Task requirements |
Retype the material that follows exactly, limited to the lines from the one with "3 chambres, chaque" through the one with "Vide-poche En laiton", and keep out all pictures.

Task input |
▬▬▬

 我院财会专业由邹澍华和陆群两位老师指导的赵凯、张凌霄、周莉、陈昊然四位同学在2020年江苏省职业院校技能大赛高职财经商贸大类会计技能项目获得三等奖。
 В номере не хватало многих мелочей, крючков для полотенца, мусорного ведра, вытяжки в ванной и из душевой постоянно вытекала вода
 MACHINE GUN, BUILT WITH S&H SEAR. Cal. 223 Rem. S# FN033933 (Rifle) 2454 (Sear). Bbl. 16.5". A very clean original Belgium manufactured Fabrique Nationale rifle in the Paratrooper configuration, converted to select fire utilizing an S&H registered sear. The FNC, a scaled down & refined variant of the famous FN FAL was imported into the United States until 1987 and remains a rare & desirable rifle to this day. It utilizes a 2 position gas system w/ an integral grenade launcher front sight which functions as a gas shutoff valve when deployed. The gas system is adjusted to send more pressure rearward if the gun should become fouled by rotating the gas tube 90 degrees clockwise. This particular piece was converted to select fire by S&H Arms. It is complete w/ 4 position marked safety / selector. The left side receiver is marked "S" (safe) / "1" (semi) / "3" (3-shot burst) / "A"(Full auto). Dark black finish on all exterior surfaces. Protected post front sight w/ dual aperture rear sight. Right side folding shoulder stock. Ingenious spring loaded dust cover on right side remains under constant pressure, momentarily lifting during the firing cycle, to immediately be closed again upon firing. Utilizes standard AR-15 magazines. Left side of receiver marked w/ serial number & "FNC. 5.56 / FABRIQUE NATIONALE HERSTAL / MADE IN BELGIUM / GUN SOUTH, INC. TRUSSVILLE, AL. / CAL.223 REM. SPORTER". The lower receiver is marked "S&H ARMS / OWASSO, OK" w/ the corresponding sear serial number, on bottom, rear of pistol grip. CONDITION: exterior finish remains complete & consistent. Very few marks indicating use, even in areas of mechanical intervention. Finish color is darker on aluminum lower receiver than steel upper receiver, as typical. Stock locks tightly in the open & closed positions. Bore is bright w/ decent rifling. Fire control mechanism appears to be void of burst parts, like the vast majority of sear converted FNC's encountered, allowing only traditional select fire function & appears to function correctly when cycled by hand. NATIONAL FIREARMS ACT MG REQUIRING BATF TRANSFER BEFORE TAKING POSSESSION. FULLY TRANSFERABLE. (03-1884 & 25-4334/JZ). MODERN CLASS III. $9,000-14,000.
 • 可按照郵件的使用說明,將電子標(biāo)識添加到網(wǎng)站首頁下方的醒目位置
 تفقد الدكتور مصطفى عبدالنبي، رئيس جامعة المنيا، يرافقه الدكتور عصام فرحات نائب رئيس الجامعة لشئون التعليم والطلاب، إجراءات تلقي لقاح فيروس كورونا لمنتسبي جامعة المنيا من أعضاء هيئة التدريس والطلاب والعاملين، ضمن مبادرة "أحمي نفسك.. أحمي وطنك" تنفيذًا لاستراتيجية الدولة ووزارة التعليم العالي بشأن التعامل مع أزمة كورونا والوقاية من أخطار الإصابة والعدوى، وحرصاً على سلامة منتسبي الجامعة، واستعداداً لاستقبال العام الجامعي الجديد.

▬▬▬

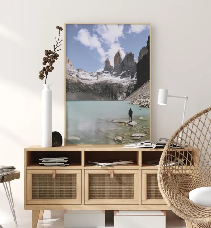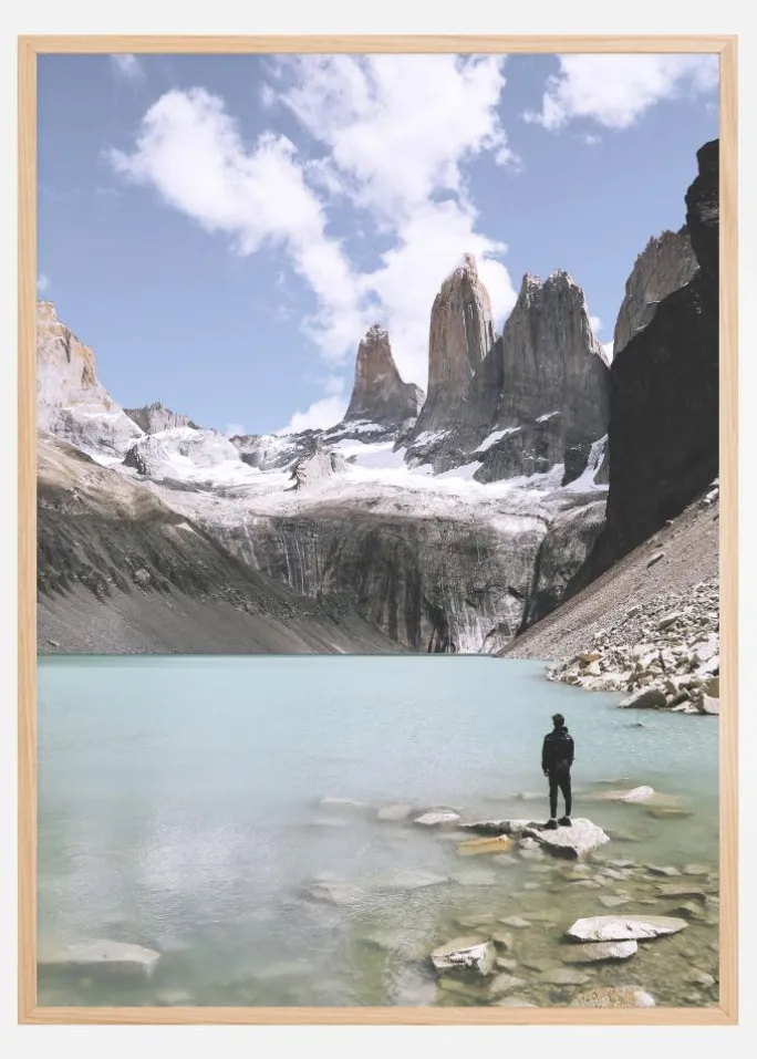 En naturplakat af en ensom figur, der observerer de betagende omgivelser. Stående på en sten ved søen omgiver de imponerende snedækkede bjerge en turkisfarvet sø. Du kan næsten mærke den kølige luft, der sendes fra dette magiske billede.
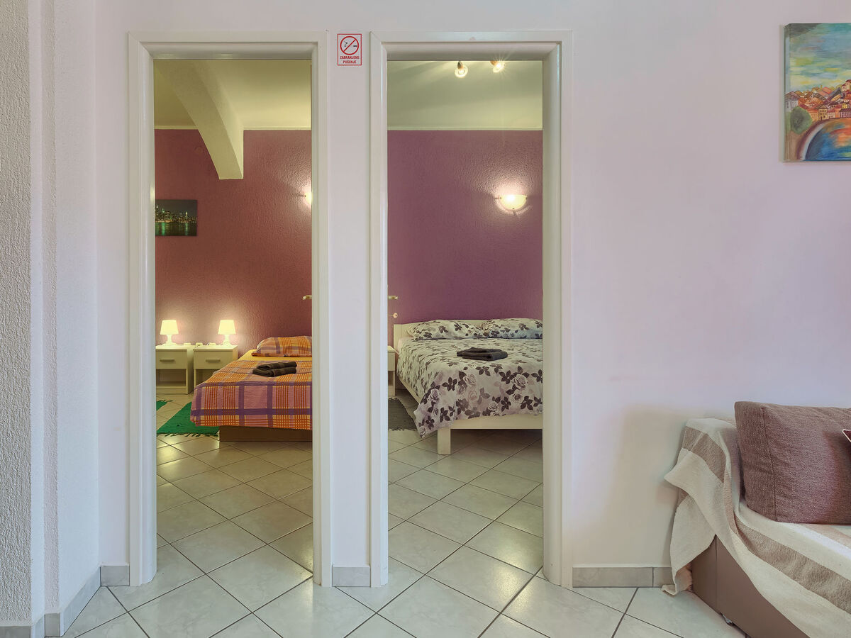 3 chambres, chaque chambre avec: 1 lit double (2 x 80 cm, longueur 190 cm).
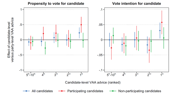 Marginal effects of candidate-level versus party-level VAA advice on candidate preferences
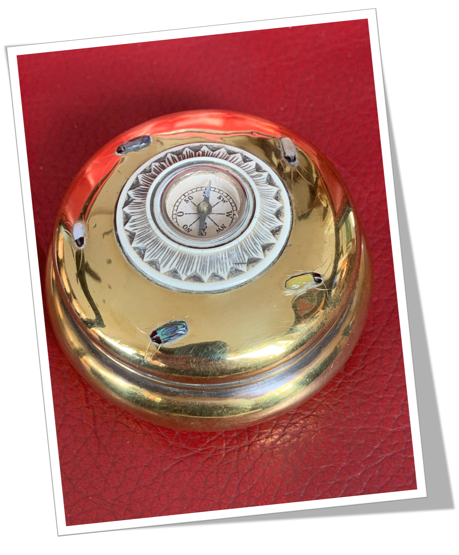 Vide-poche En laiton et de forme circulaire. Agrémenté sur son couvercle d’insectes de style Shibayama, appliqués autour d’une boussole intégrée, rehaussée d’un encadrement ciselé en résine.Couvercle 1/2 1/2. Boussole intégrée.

▬▬▬

Solution below |
 3 chambres, chaque chambre avec: 1 lit double (2 x 80 cm, longueur 190 cm).
 Marginal effects of candidate-level versus party-level VAA advice on candidate preferences
 Vide-poche En laiton et de forme circulaire. Agrémenté sur son couvercle d’insectes de style Shibayama, appliqués autour d’une boussole intégrée, rehaussée d’un encadrement ciselé en résine.Couvercle 1/2 1/2. Boussole intégrée.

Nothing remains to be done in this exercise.